Маргарита кивнула, но ничего не сказала, а я внезапно поняла: для того, что было сделано, нет слов — ни песен, ни историй, ни поговорок. Может, нет даже молитв, разве что «Pater noster… dimitte nobis debita nostra..» — «Отец наш… прости нам долги наши…»
Хотя мы не прощаем тех, кто согрешил против нас, а предпочитаем убивать их согласно постановлению парламента.
Я не могла вовремя остановить свои мысли. Мне следует просить прощения за такое богохульство.
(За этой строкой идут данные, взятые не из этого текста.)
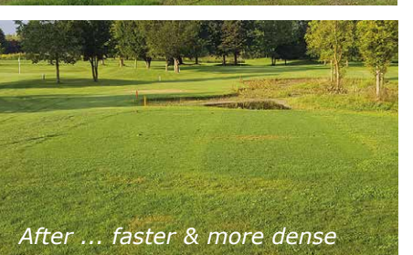
Aerification holes filled with 200g/m<sup>2</sup> VEGANOSOL

— Ты могла бы послать к нему кого-нибудь. Спросить, не… — начала Маргарита.
— Не — что? — спросила я, сев на кровати. — Не сожалеет ли он о том, что сделал? Как он может сожалеть? Но если он сожалеет…
— Ну, тогда просто пошли к нему. Скажи, что ты его верная жена и любишь и почитаешь его как своего господина. Больше тебе ничего и не требуется говорить.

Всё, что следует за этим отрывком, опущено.